Collection entries
::::
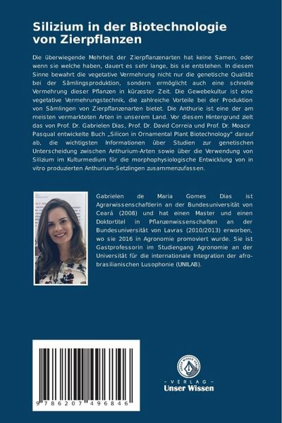 Die überwiegende Mehrheit der Zierpflanzenarten hat keine Samen, oder wenn sie welche haben, dauert es sehr lange, bis sie entstehen. In diesem Sinne bewahrt die vegetative Vermehrung nicht nur die genetische Qualität bei der Sämlingsproduktion, sondern ermöglicht auch eine schnelle Vermehrung dieser Pflanzen in kürzester Zeit. Die Gewebekultur ist eine vegetative Vermehrungstechnik, die zahlreiche Vorteile bei der Produktion von Sämlingen von Zierpflanzenarten bietet. Die Anthurie ist eine der am meisten vermarkteten Arten in unserem Land. Vor diesem Hintergrund zielt das von Prof. Dr. Gabrielen Dias, Prof. Dr. David Correia und Prof. Dr. Moacir Pasqual entwickelte Buch "Silicon in Ornamental Plant Biotechnology" darauf ab, die wichtigsten Informationen über Studien zur genetischen Unterscheidung zwischen Anthurium-Arten sowie über die Verwendung von Silizium im Kulturmedium für die morphophysiologische Entwicklung von in vitro produzierten Anthurium-Setzlingen zusammenzufassen.
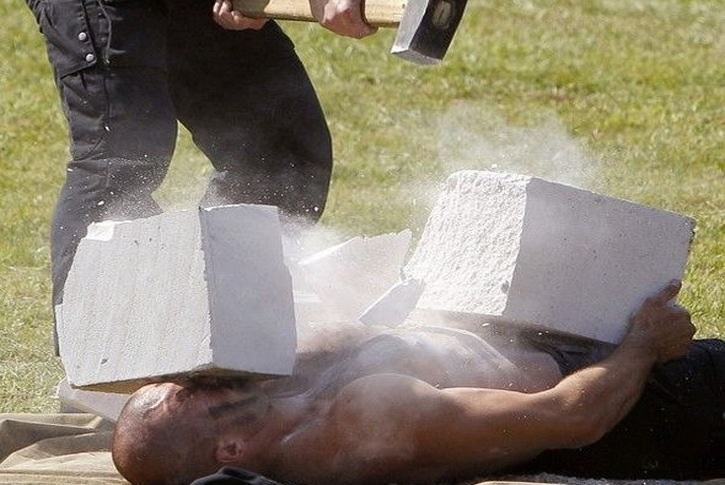 小编小时候生活在农村,偶尔会有杂技团去村子里表演,一般双脚踩灯泡胸口碎大石这样的经典曲目是必不可少的。大石头压在身上然后拿大锤子敲碎,石头下面的人却毫发无损,这是什么原理呢?
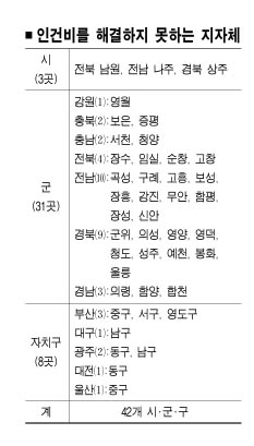 지난해의 141곳에서 10곳이나 늘어났다. 세외수입까지 포함해 자체수입 전체를 합쳐도 42곳이 직원들의 봉급도 못 주고 있다. 행자부는 “세제를 개편하고 성과주의를 도입하는 등 다양한 방법으로 지방재정이 늘어날 수 있도록 노력하고 있다.”면서 “지방도 자율성 증대와 함께 효율성·투명성·책임성을 강화하기 위해 힘써야 할 것”이라고 말했다.
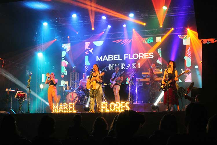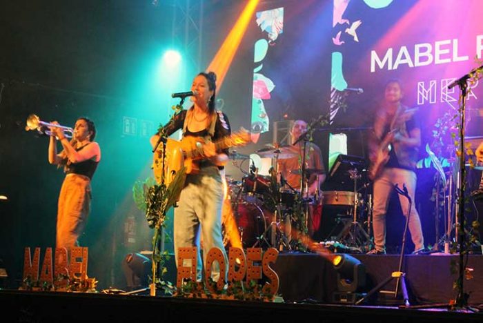 Para poder instaurarnos en el universo de su nuevo trabajo, el espectáculo comenzó con sonidos de naturaleza y una voz en off de la propia intérprete que nos invitaba a disfrutar del concierto de la forma que quisiéramos. Tras esto fueron apareciendo una a una las seis músicas que iban a copar el escenario y por último Mabel. Y volvió la luz y con ella “Ya llega” con un inicio muy potente que decidió continuar con “Vamos a volar” y consiguió arrancar las primeras palmas por parte del público. Con tan solo estas dos canciones ya demostraron la fuerza del directo que poseía la formación catalana, que convertía todas las composiciones en una gran fuente de energía. Para pasar al siguiente tema lo hicieron enlazando con un solo de piano, una fórmula que repetirán de nuevo más adelante, pero con otros instrumentos. Prosiguieron con un canto a la libertad, y en este instante todos los asistentes sin darnos cuenta, habíamos entrado de lleno en “Meraki”.
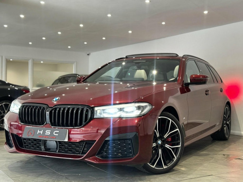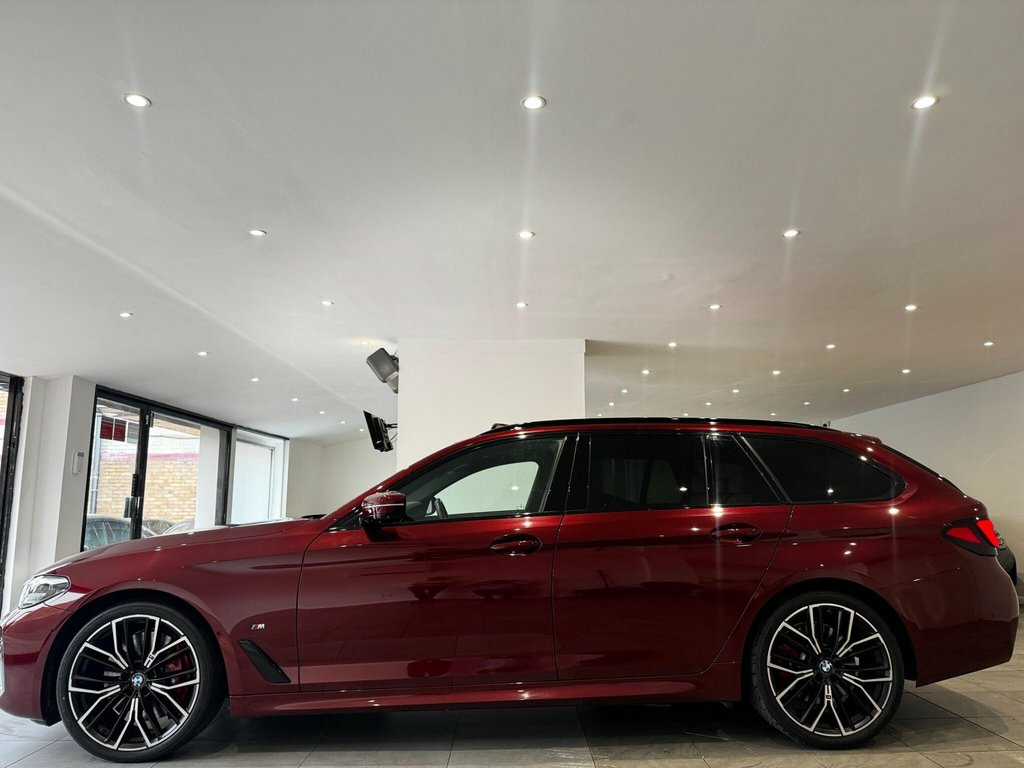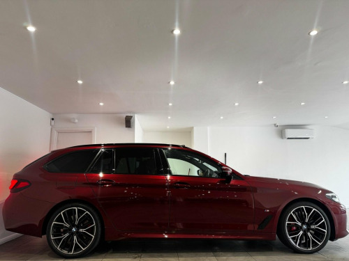 This 2022 BMW 530d M Sport, presented in excellent condition in an Individual paint colour called Aventurine red metallicwith a clear vehicle history check, offers a compelling blend of performance and refinement. Powered by a potent 3.0L Diesel Hybrid engine and featuring Four Wheel Drive for assured handling in all conditions, this Euro 6 compliant model is equipped with the desirable M Sport Pro Package. Notable features include a striking Panoramic Glass Sunroof, a premium Harman Kardon Surround Audio Sound System for an immersive listening experience, and advanced Driving Assistant Professional for enhanced safety and convenience. The vehicle also boasts stylish 20 inch M Light Y-Spoke Style 846 Bicolour Jet Black alloy wheels fitted with mixed and run flat tyres. Beyond its impressive specifications, this BMW 5 Series provides a truly elevated driving experience. The inclusion of the Panoramic Glass Sunroof, which opens for added enjoyment, and the exceptional Harman Kardon audio system clearly distinguish it from other vehicles in its class. Furthermore, the generous boot space ensures practicality for everyday use and longer journeys, making this 530d M Sport a well rounded and desirable executive saloon. 19in Alloy Wheels - M Light Y-Spoke Styl, 20in Alloy Wheels - M Light Y-Spoke Styl, 32GB Hard Disc Drive HDD Memory, 40-20-40 Split Folding Rear Seats, Active Air Stream Kidney Grille - High G, Active Guard, Air Conditioning - Automatic - Two-Zone, Airbags, Alarm System - Thatcham 1 with Remote Co, All Round Anti-Corrosion System, Ambient Lighting, Armrests, Automatic Powered Electric Bootlid, Automatic Start-Stop Button, Automatic Windscreen Wiper and Headlight, BMW Connected Package Professional, BMW ConnectedDrive Online Services, BMW Individual Headliner - Anthracite, BMW Individual High-Gloss Shadowline, BMW Individual Roof Rails High-Gloss Sha, BMW Live Cockpit Professional, BMW TeleSe
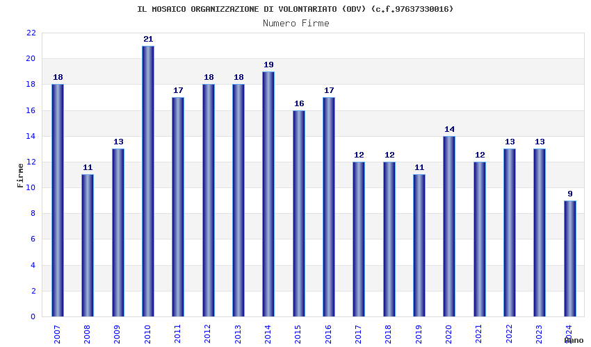 | Anno | Firme | Importi | Media | Naz. | Reg. | Prov. | Comu. |
::::
The records above must be output exactly, except for their pictures.

 Die überwiegende Mehrheit der Zierpflanzenarten hat keine Samen, oder wenn sie welche haben, dauert es sehr lange, bis sie entstehen. In diesem Sinne bewahrt die vegetative Vermehrung nicht nur die genetische Qualität bei der Sämlingsproduktion, sondern ermöglicht auch eine schnelle Vermehrung dieser Pflanzen in kürzester Zeit. Die Gewebekultur ist eine vegetative Vermehrungstechnik, die zahlreiche Vorteile bei der Produktion von Sämlingen von Zierpflanzenarten bietet. Die Anthurie ist eine der am meisten vermarkteten Arten in unserem Land. Vor diesem Hintergrund zielt das von Prof. Dr. Gabrielen Dias, Prof. Dr. David Correia und Prof. Dr. Moacir Pasqual entwickelte Buch "Silicon in Ornamental Plant Biotechnology" darauf ab, die wichtigsten Informationen über Studien zur genetischen Unterscheidung zwischen Anthurium-Arten sowie über die Verwendung von Silizium im Kulturmedium für die morphophysiologische Entwicklung von in vitro produzierten Anthurium-Setzlingen zusammenzufassen.
 小编小时候生活在农村,偶尔会有杂技团去村子里表演,一般双脚踩灯泡胸口碎大石这样的经典曲目是必不可少的。大石头压在身上然后拿大锤子敲碎,石头下面的人却毫发无损,这是什么原理呢?
 지난해의 141곳에서 10곳이나 늘어났다. 세외수입까지 포함해 자체수입 전체를 합쳐도 42곳이 직원들의 봉급도 못 주고 있다. 행자부는 “세제를 개편하고 성과주의를 도입하는 등 다양한 방법으로 지방재정이 늘어날 수 있도록 노력하고 있다.”면서 “지방도 자율성 증대와 함께 효율성·투명성·책임성을 강화하기 위해 힘써야 할 것”이라고 말했다.
 Para poder instaurarnos en el universo de su nuevo trabajo, el espectáculo comenzó con sonidos de naturaleza y una voz en off de la propia intérprete que nos invitaba a disfrutar del concierto de la forma que quisiéramos. Tras esto fueron apareciendo una a una las seis músicas que iban a copar el escenario y por último Mabel. Y volvió la luz y con ella “Ya llega” con un inicio muy potente que decidió continuar con “Vamos a volar” y consiguió arrancar las primeras palmas por parte del público. Con tan solo estas dos canciones ya demostraron la fuerza del directo que poseía la formación catalana, que convertía todas las composiciones en una gran fuente de energía. Para pasar al siguiente tema lo hicieron enlazando con un solo de piano, una fórmula que repetirán de nuevo más adelante, pero con otros instrumentos. Prosiguieron con un canto a la libertad, y en este instante todos los asistentes sin darnos cuenta, habíamos entrado de lleno en “Meraki”.
 This 2022 BMW 530d M Sport, presented in excellent condition in an Individual paint colour called Aventurine red metallicwith a clear vehicle history check, offers a compelling blend of performance and refinement. Powered by a potent 3.0L Diesel Hybrid engine and featuring Four Wheel Drive for assured handling in all conditions, this Euro 6 compliant model is equipped with the desirable M Sport Pro Package. Notable features include a striking Panoramic Glass Sunroof, a premium Harman Kardon Surround Audio Sound System for an immersive listening experience, and advanced Driving Assistant Professional for enhanced safety and convenience. The vehicle also boasts stylish 20 inch M Light Y-Spoke Style 846 Bicolour Jet Black alloy wheels fitted with mixed and run flat tyres. Beyond its impressive specifications, this BMW 5 Series provides a truly elevated driving experience. The inclusion of the Panoramic Glass Sunroof, which opens for added enjoyment, and the exceptional Harman Kardon audio system clearly distinguish it from other vehicles in its class. Furthermore, the generous boot space ensures practicality for everyday use and longer journeys, making this 530d M Sport a well rounded and desirable executive saloon. 19in Alloy Wheels - M Light Y-Spoke Styl, 20in Alloy Wheels - M Light Y-Spoke Styl, 32GB Hard Disc Drive HDD Memory, 40-20-40 Split Folding Rear Seats, Active Air Stream Kidney Grille - High G, Active Guard, Air Conditioning - Automatic - Two-Zone, Airbags, Alarm System - Thatcham 1 with Remote Co, All Round Anti-Corrosion System, Ambient Lighting, Armrests, Automatic Powered Electric Bootlid, Automatic Start-Stop Button, Automatic Windscreen Wiper and Headlight, BMW Connected Package Professional, BMW ConnectedDrive Online Services, BMW Individual Headliner - Anthracite, BMW Individual High-Gloss Shadowline, BMW Individual Roof Rails High-Gloss Sha, BMW Live Cockpit Professional, BMW TeleSe
 | Anno | Firme | Importi | Media | Naz. | Reg. | Prov. | Comu. |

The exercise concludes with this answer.